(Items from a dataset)

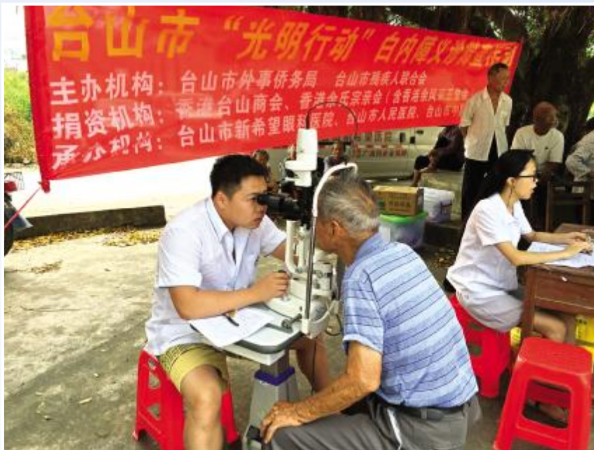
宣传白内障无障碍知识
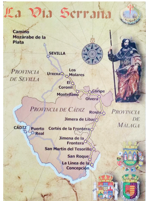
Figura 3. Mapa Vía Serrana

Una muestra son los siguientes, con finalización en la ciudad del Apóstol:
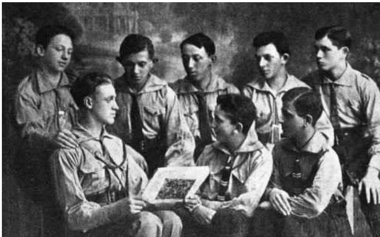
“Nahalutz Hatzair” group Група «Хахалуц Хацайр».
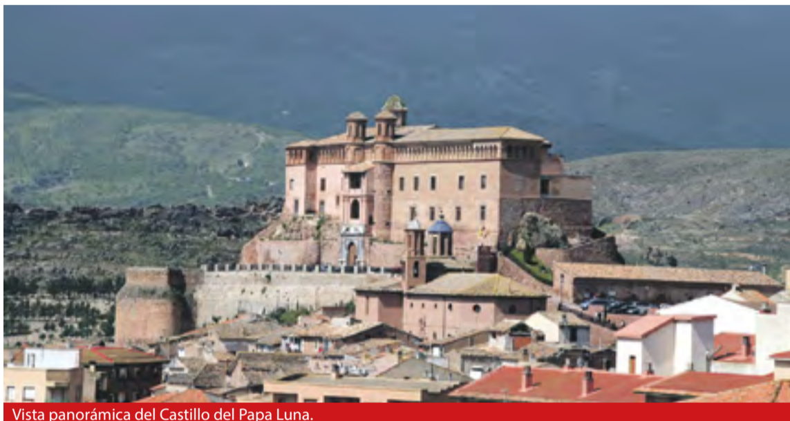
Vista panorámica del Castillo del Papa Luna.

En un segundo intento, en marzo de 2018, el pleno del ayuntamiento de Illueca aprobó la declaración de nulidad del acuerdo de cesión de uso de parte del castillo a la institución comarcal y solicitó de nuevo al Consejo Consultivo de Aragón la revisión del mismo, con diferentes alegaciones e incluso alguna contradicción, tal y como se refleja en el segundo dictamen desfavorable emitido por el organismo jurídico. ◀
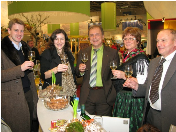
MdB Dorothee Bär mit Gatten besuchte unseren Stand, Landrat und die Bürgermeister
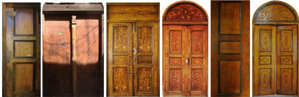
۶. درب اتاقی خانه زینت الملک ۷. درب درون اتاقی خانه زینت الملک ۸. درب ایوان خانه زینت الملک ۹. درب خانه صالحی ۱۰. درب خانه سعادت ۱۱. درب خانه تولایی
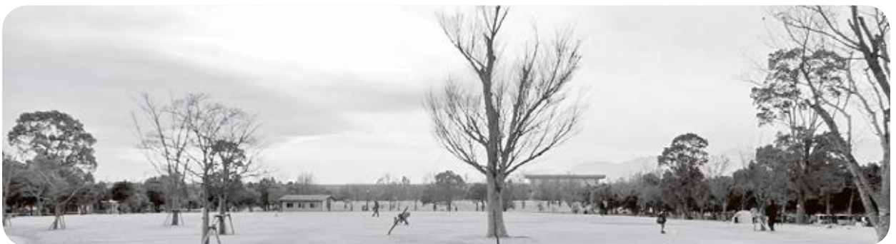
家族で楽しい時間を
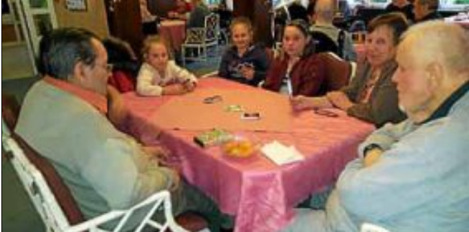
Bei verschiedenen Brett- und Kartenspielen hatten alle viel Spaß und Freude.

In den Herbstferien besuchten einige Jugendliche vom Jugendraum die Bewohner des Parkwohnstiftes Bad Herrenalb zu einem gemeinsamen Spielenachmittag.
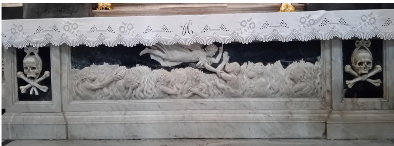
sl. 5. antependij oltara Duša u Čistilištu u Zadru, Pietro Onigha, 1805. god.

** EXERCISE DESCRIPTION **
Your task is to set down every entry exactly, leaving out any picture it contains.

** COMPLETED TASK **
宣传白内障无障碍知识
Figura 3. Mapa Vía Serrana

Una muestra son los siguientes, con finalización en la ciudad del Apóstol:
“Nahalutz Hatzair” group Група «Хахалуц Хацайр».
Vista panorámica del Castillo del Papa Luna.

En un segundo intento, en marzo de 2018, el pleno del ayuntamiento de Illueca aprobó la declaración de nulidad del acuerdo de cesión de uso de parte del castillo a la institución comarcal y solicitó de nuevo al Consejo Consultivo de Aragón la revisión del mismo, con diferentes alegaciones e incluso alguna contradicción, tal y como se refleja en el segundo dictamen desfavorable emitido por el organismo jurídico. ◀
MdB Dorothee Bär mit Gatten besuchte unseren Stand, Landrat und die Bürgermeister
۶. درب اتاقی خانه زینت الملک ۷. درب درون اتاقی خانه زینت الملک ۸. درب ایوان خانه زینت الملک ۹. درب خانه صالحی ۱۰. درب خانه سعادت ۱۱. درب خانه تولایی
家族で楽しい時間を
Bei verschiedenen Brett- und Kartenspielen hatten alle viel Spaß und Freude.

In den Herbstferien besuchten einige Jugendliche vom Jugendraum die Bewohner des Parkwohnstiftes Bad Herrenalb zu einem gemeinsamen Spielenachmittag.
sl. 5. antependij oltara Duša u Čistilištu u Zadru, Pietro Onigha, 1805. god.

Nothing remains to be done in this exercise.